Dans les années 2000, les sanctions contre l’Iran ont été un peu assouplies. Pendant cette période, un certain nombre de grandes compagnies européennes ont commencé à investir dans divers secteurs de l’économie iranienne. Par exemple, les sociétés françaises Renault et Peugeot Citroën ont investi dans le développement de l’industrie automobile en Iran, et les voitures fabriquées en Iran étaient ensuite exportées dans les pays voisins. Des entreprises britanniques et allemandes ont investi dans l’industrie minière. Mais lorsque l’UE a commencé à aider Washington à faire respecter les sanctions, ces compagnies européennes se sont retrouvées dans une position difficile. La situation exigeait de renoncer aux actifs acquis en Iran, et les investisseurs chinois ont été heureux de les racheter aux compagnies européennes. Toutefois, les sociétés européennes ont apparemment décidé de ne pas renoncer à leurs actifs iraniens. Elles ont commencé à recourir à toutes sortes de méthodes louches, qui comprennent l’usage de prête-noms, de sociétés écran, d’intermédiaires et de sociétés fictives. Selon diverses sources, l’Europe de l’Ouest continue à fournir des équipements et de la technologie, à la fois pour préserver les installations déjà en place et pour en créer de nouvelles.

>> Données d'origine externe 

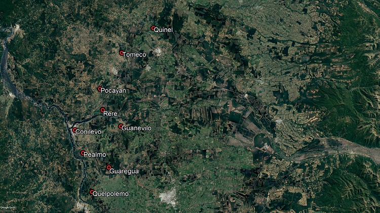 En el fuerte de Buena Esperanza donde la estancia de Su Majestad situado en el valle de Guelquillemo […] hizo parecer ante si los caciques principales de las provincias de los indios Cuyuncheres […] de la segunda regua llamada Pocoyan los caciques Tanaante, Turrevaute, Cheuquimolio, Callbuala y de la tercera regua llamada Tomeco los caciques Millaquien, Collpillan, Antipolay, Taemlevo […] de la sesta regua llamada Conilevo los caciques Longomilla, Guacaya.33

C’est à peine croyable, mais même la technologie américaine fait son chemin en Iran. Une histoire devenue presque légendaire a décrit comment les compagnies iraniennes ont obtenu plus de cinquante pièces du tout dernier modèle d’équipement pour la construction provenant de sociétés américaines sous contrat avec le Pentagone et opérant en Afghanistan. Aujourd’hui, cet équipement est utilisé pour construire des usines dans la ville iranienne de Machhad.

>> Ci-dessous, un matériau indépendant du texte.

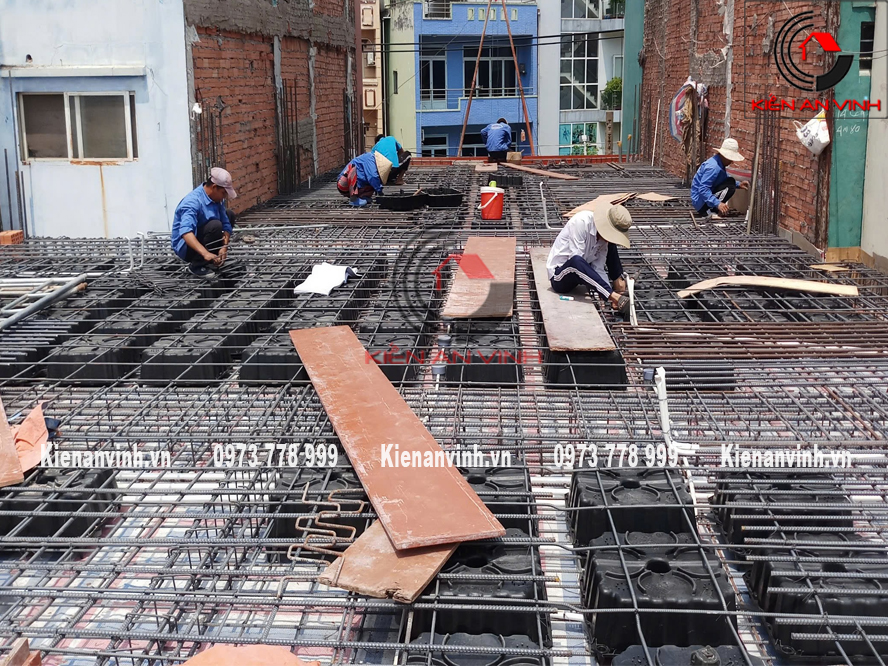 Đây là quy trình sàn Uboot chỉ khác với sàn phẳng đặc truyền thống ở khâu lắp đặt hộp. Ngoài ra thi công đơn giản hơn sàn dầm

La plus grande route commerciale de l’Iran passe par la Turquie et les Émirats arabes unis. Les deux pays sont dans le peloton de tête des partenaires de l’Iran pour l’import et l’export. Mais ces deux pays sont aussi des alliés stratégiques de Washington. A Dubaï et à Ankara, cependant, le désir d’aider ce commerce de courtage a été plus puissant que les sempiternels hurlements de colère de Washington contre le comportement de ses alliés. Les agences de renseignement US (la CIA et les services de renseignement au sein du Département du trésor), ainsi qu’Israël, surveillent les voies suivies par les exportations et les importations de l’Iran, prennent note de ceux qui font partie des longues chaînes d’intermédiaires, et identifient les individus impliqués dans le commerce avec l’Iran. De temps en temps, cette information est portée à l’attention des pays avec lesquels les chevaliers noirs sont associés, mais les gouvernements de ces nations ne sont pas pressés de répondre aux protestations de Washington. D’abord, les chevaliers noirs paient des impôts dans ces pays. Ensuite, ils aident beaucoup à faciliter le commerce. Enfin, les actions des chevaliers noirs sont rarement soumises aux lois locales. Dans le meilleur des cas, il serait possible de fermer définitivement une compagnie chevalier noir, mais après un certain temps, elle peut simplement réapparaître dans un autre pays.

Nul ne connaît le nombre exact de ces chevaliers noirs. De temps en temps, des listes de compagnies, répertoriées par pays d’inscription, sont publiées par les États-Unis. Par exemple, en décembre 2013, Washington a donné à Bruxelles une liste des chevaliers noirs de l’Union européenne, qui comprenait 1 107 petites et moyennes entreprises. Une liste similaire pour la Turquie recensait les noms de 512 sociétés. Il fut un temps où les chevaliers noirs n’étaient pas pris au sérieux, car on croyait qu’ils ne pourraient pas remplacer les très grandes sociétés qui commerçaient avec ces pays avant les sanctions. Mais les événements des dernières années ont montré que les milliers de chevaliers noirs en activité ont formé une masse critique, si bien que leur potentiel est déjà comparable à celui des grandes entreprises. Et les tentatives de ceux qui ont imposé les sanctions pour surveiller les chevaliers noirs ont une efficacité confinant à zéro.